- [Work instruction]:
Go to the line holding "Add a touch" in the data below and repeat it exactly, then each line after it up to and including the one holding "Letras para decoración". Omit pictures.

- [Dataset records]:
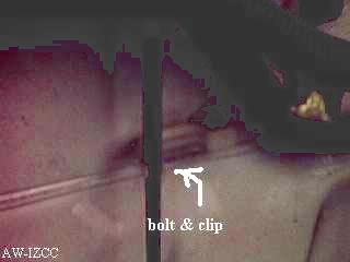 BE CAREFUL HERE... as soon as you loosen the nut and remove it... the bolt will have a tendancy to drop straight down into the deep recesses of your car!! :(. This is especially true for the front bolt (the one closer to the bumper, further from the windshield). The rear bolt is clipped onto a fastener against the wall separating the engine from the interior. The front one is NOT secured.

--

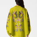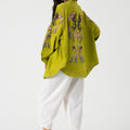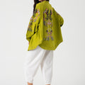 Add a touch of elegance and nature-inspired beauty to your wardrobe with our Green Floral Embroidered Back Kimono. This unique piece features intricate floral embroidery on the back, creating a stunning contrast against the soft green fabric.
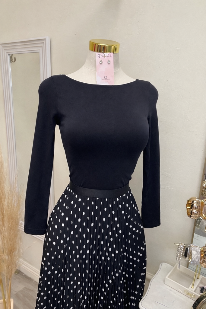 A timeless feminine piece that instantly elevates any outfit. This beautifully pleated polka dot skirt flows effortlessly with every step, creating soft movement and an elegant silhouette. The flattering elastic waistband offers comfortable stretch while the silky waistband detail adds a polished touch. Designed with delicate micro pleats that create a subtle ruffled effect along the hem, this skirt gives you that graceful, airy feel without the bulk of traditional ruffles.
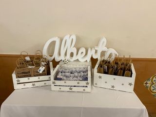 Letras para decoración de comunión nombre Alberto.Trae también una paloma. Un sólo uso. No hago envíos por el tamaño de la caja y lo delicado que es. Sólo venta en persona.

- [Response below]:
 Add a touch of elegance and nature-inspired beauty to your wardrobe with our Green Floral Embroidered Back Kimono. This unique piece features intricate floral embroidery on the back, creating a stunning contrast against the soft green fabric.
 A timeless feminine piece that instantly elevates any outfit. This beautifully pleated polka dot skirt flows effortlessly with every step, creating soft movement and an elegant silhouette. The flattering elastic waistband offers comfortable stretch while the silky waistband detail adds a polished touch. Designed with delicate micro pleats that create a subtle ruffled effect along the hem, this skirt gives you that graceful, airy feel without the bulk of traditional ruffles.
 Letras para decoración de comunión nombre Alberto.Trae también una paloma. Un sólo uso. No hago envíos por el tamaño de la caja y lo delicado que es. Sólo venta en persona.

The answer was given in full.